When you pull your punctured tube out of the tire, go ahead and overinflate it using your pump or an air compressor, and find the hole where the air is escaping. Look closely at that hole. Where on the tube is it located: top, side, bottom or at the valve? Is it a single hole, or a double? Is it a tear?

Let's begin by identifying five major types of flats, and we'll go over them and their probable causes in more detail:

  • Outer surface punctures
  • Sidewall punctures or "snakebites"
  • Inner surface punctures
  • Blow outs
  • Valve problems

Outer surface punctures:
As you look at your overinflated tube, you will see a single hole on the outer surface of the tube (the surface that corresponds to to the part of the tire that rolls along the ground). That indicates that a sharp object penetrated the tire and punctured the tube. The object may have fallen out, but just as likely, it is still embedded in the tire.

Before replacing the inner tube, run your fingers very carefully along the inside of the tire, feeling for anything sharp that may be protruding. At the same time, carefully eyeball the outside of the tire for embedded pieces of glass and other debris, and poke them out as you go along (a paper clip or sharp tweezers work well).

If your tire feels thin and flimsy, or has a lot of slits from previous contact with glass, consider replacing it with a puncture-resistant tire.

Sidewall punctures:
All tires have their recommended inflation pressure embossed on the sidewall, usually in units of PSI (which stands for Pounds per Square Inch). That number can seem incredibly high, especially if you are used to filling up car tires. Bicycle tires take much higher pressure than any car tire, and generally, the skinnier the tire, the higher the recommended pressure.

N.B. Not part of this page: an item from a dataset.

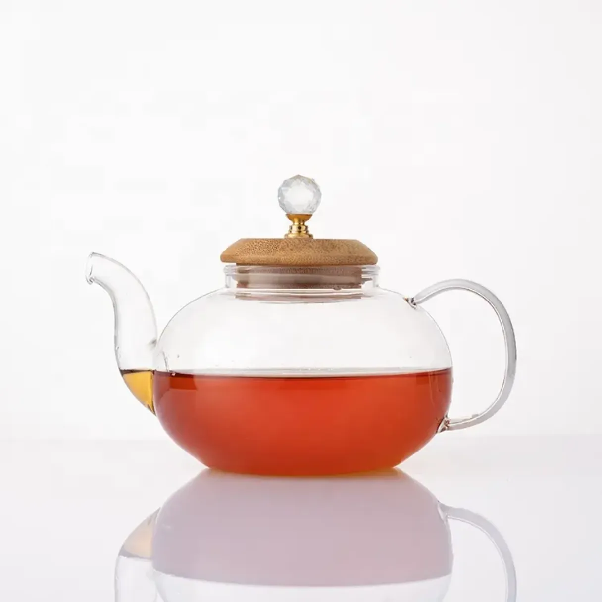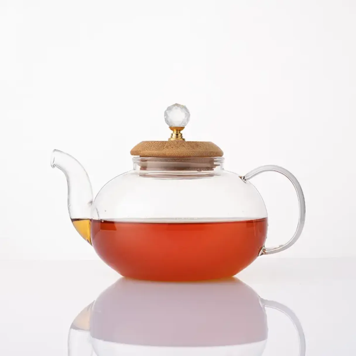 Topped with a finely crafted bamboo lid, this teapot adds a touch of organic warmth to your tea setup. The bamboo’s natural grain patterns celebrate sustainability and style, while the PP diamond-shaped ball knob offers a secure grip and a sparkling visual accent. The minimalist design, showcased against a pure white background, highlights the teapot’s transparency and the rich color of your tea, turning every brew into a visual delight.

Many people are reluctant to fill their bike tires to recommended pressure, perhaps because they are afraid of blow-ups. As you increase the amount of air in the tire, it gets harder and harder to pump, which can make you feel like you're overdoing it.  Yet, filling up tires to the correct pressure will protect you against one of the most common types of flats: the snakebite.

This type of hole is usually caused by riding on underinflated tires. When you hit a bump in the road, the lower-than-recommended pressure allows the tire to bottom-out against the sharp edge of the rim, and the inner tube becomes pinched in the process. You will recognize a snakebite if  you examine your overinflated tube, and discover two small holes, about 1/4" apart, usually on the side of the inner tube.

Inner surface punctures:
If your overinflated inner tube is losing air from its inner surface (the surface that would have been facing the rim), you will need to examine the inside of the rim, and the tire beads (see Anatomy of a Bicycle Wheel). Typical causes of this type of puncture include: a faulty rim strip, resulting in exposed spoke nipples or sharp rim surfaces, a burr on the inner seam of the rim, or a broken tire bead, with exposed wires digging into the tube.

Blow outs:
Sudden blow outs happen when the tube, instead of being safely encased inside the tire, becomes exposed to the outside world.

This can happen if, when changing a flat, or filling the tire, a piece of tube inadvertently gets pinched between the rim and the tire. Sometimes it blows right away, but not always. Similarly, you can get a blow-out is the tire bead isn't correctly seated inside the rim, and the inner tube begins to protrude out. Generally, you will feel thumping for the short distance you may be able to ride.

Blow-outs can also occur when the integrity of the tire becomes compromised, and the tube starts to protrude. This can happen as a result of dry rot, a brake pad, fender or other mis-adjusted part rubbing over the tire, or the bead separating from the tire. Inspect your tires periodically to make sure they are in good condition.

Valve problems:
Occasionally, small amounts of debris get jammed inside the valve, causing it to be stuck in open position and leak air. If used improperly, certain flat-prevention products sealants can have the same effect.

Another type of valve failure can occur when you ride on underinflated tires. Every time you brake, the tube and tire continue to move just a little bit even as your wheel stops. This causes the valve to come through the rim hole at an angle. If this goes on long enough, the valve an separate from the body of the tube at the base.